» **Problem**
In the entries below, find the line with "将交通运行评估的服务对象细化" and the line with "Pepsi already sells"; give again those lines and every line between them, exactly.

» **Dataset content**

□ □ □ □ □

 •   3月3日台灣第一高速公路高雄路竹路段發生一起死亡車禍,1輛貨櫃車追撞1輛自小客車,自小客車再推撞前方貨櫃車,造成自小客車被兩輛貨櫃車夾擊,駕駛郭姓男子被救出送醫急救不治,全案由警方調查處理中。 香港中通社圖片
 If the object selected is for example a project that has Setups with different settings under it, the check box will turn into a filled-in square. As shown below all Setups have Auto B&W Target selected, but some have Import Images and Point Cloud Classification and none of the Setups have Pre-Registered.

□ □ □ □ □

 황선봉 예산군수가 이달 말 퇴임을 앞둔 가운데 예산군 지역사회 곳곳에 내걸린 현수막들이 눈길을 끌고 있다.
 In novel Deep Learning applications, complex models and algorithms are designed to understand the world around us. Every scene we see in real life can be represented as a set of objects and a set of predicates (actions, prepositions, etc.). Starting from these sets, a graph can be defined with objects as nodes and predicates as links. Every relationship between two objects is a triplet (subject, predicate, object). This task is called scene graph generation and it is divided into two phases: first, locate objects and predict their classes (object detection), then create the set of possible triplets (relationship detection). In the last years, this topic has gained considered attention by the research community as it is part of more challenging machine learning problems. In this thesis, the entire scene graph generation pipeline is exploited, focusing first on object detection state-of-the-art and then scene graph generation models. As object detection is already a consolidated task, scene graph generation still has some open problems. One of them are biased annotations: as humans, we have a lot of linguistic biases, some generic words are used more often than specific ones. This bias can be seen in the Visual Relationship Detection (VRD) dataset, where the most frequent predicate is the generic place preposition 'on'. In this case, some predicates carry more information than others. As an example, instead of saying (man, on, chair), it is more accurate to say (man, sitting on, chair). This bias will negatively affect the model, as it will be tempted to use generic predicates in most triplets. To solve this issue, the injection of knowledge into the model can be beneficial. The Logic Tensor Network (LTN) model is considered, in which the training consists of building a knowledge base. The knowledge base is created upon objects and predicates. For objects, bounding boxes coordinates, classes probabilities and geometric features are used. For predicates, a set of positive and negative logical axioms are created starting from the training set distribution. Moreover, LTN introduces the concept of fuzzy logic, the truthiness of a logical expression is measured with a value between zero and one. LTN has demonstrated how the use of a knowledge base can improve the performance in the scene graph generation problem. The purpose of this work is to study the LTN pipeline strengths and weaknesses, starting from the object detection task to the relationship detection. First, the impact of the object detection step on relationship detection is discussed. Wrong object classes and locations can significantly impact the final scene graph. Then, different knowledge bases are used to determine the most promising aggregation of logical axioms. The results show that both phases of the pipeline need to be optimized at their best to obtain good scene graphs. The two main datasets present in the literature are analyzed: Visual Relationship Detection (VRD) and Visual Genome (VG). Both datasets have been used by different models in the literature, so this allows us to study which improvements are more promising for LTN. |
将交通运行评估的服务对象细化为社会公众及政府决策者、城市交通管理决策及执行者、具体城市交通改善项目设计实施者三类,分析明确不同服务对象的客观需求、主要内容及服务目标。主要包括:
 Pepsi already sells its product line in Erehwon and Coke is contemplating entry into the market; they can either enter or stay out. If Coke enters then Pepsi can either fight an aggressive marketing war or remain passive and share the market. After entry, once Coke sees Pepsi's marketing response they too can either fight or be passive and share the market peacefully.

□ □ □ □ □

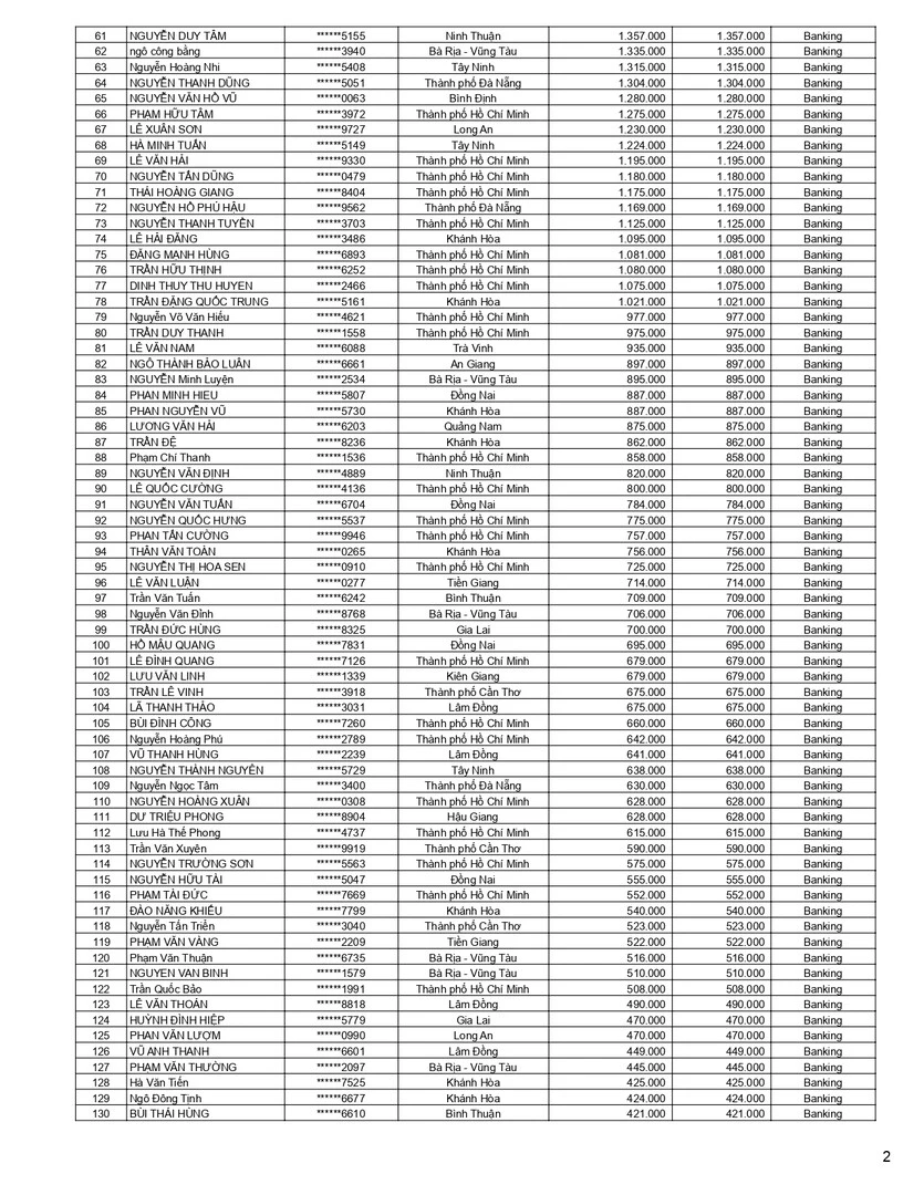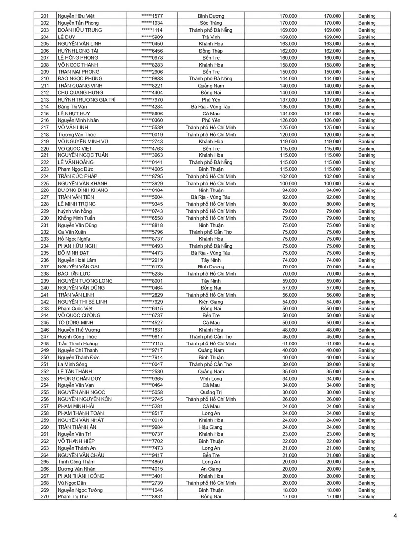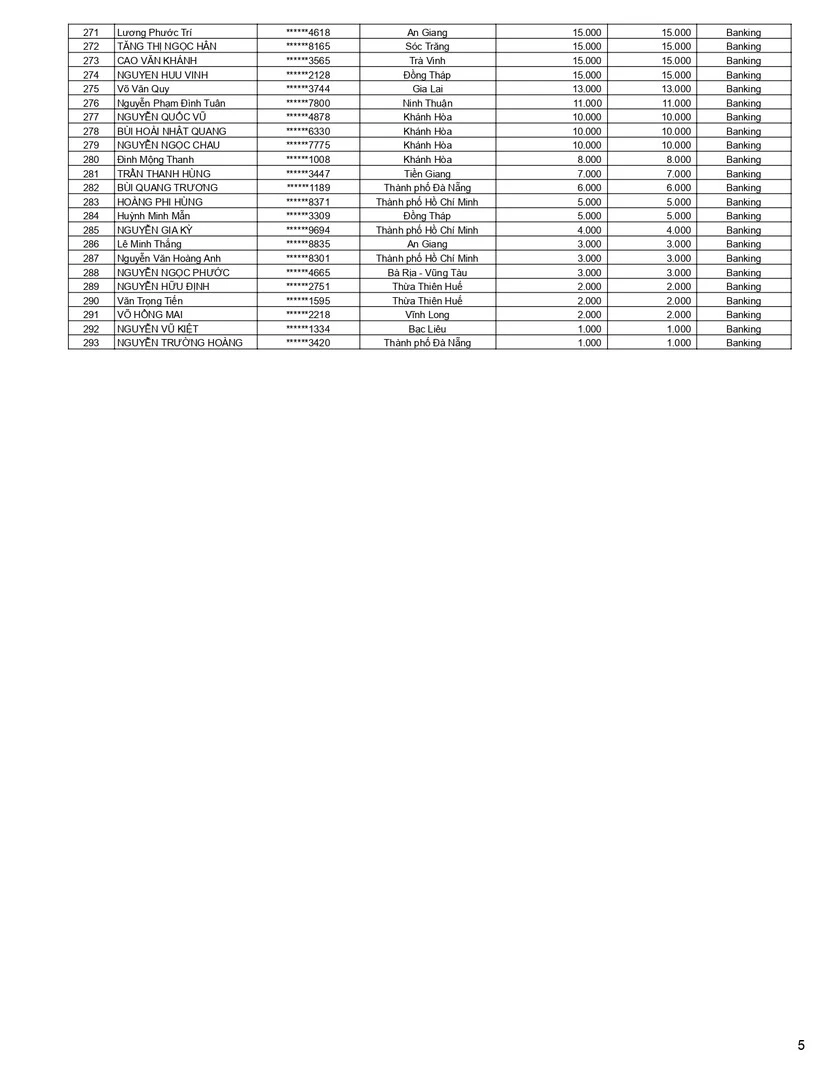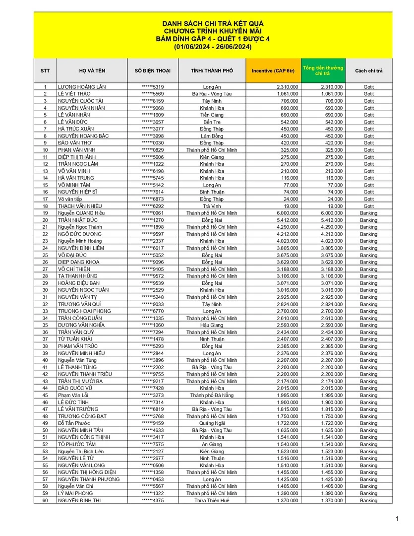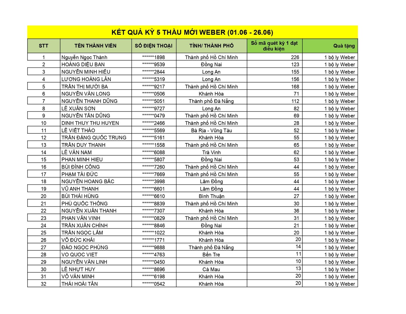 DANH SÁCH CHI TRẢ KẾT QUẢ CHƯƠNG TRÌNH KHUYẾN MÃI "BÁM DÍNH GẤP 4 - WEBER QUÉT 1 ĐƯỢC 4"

□ □ □ □ □

» **Response area**
将交通运行评估的服务对象细化为社会公众及政府决策者、城市交通管理决策及执行者、具体城市交通改善项目设计实施者三类,分析明确不同服务对象的客观需求、主要内容及服务目标。主要包括:
 Pepsi already sells its product line in Erehwon and Coke is contemplating entry into the market; they can either enter or stay out. If Coke enters then Pepsi can either fight an aggressive marketing war or remain passive and share the market. After entry, once Coke sees Pepsi's marketing response they too can either fight or be passive and share the market peacefully.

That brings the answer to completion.